What is expected
From the records below, copy out exactly the lines from the one containing "Controllo di una" to the one containing "Mrs. Kelli Gutierrez+FollowZoe", both included. Add nothing else.

___ The data

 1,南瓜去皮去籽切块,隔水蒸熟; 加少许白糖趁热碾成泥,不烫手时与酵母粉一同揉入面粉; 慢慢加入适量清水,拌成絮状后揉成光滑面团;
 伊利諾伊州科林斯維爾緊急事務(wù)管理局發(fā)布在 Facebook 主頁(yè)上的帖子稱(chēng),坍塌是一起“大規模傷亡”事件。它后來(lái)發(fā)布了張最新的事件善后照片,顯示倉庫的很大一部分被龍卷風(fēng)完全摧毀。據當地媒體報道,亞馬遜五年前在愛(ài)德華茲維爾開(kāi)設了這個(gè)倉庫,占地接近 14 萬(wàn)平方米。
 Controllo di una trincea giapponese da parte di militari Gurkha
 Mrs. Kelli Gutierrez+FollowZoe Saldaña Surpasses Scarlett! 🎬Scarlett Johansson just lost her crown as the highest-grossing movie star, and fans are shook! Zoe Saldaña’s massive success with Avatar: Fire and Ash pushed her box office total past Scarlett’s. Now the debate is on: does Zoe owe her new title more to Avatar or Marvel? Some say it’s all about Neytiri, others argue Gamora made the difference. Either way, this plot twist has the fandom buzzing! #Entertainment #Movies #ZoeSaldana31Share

______
___ The data

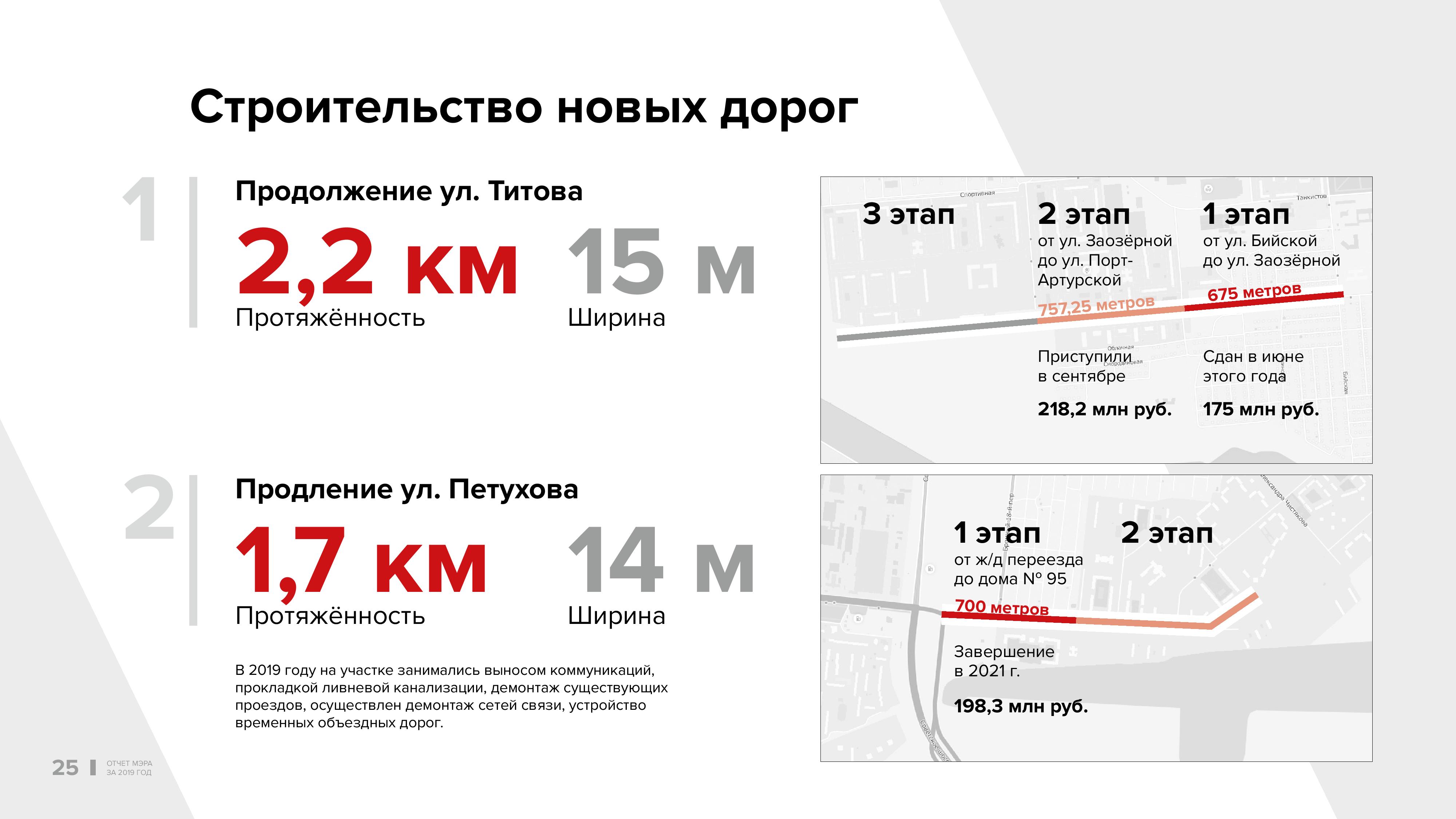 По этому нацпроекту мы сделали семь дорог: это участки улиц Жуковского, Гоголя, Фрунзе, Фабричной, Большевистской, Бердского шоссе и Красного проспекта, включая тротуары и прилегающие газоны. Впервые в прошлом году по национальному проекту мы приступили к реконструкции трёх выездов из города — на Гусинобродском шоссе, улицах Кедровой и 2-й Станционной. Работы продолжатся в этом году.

______

Answer space
 Controllo di una trincea giapponese da parte di militari Gurkha
 Mrs. Kelli Gutierrez+FollowZoe Saldaña Surpasses Scarlett! 🎬Scarlett Johansson just lost her crown as the highest-grossing movie star, and fans are shook! Zoe Saldaña’s massive success with Avatar: Fire and Ash pushed her box office total past Scarlett’s. Now the debate is on: does Zoe owe her new title more to Avatar or Marvel? Some say it’s all about Neytiri, others argue Gamora made the difference. Either way, this plot twist has the fandom buzzing! #Entertainment #Movies #ZoeSaldana31Share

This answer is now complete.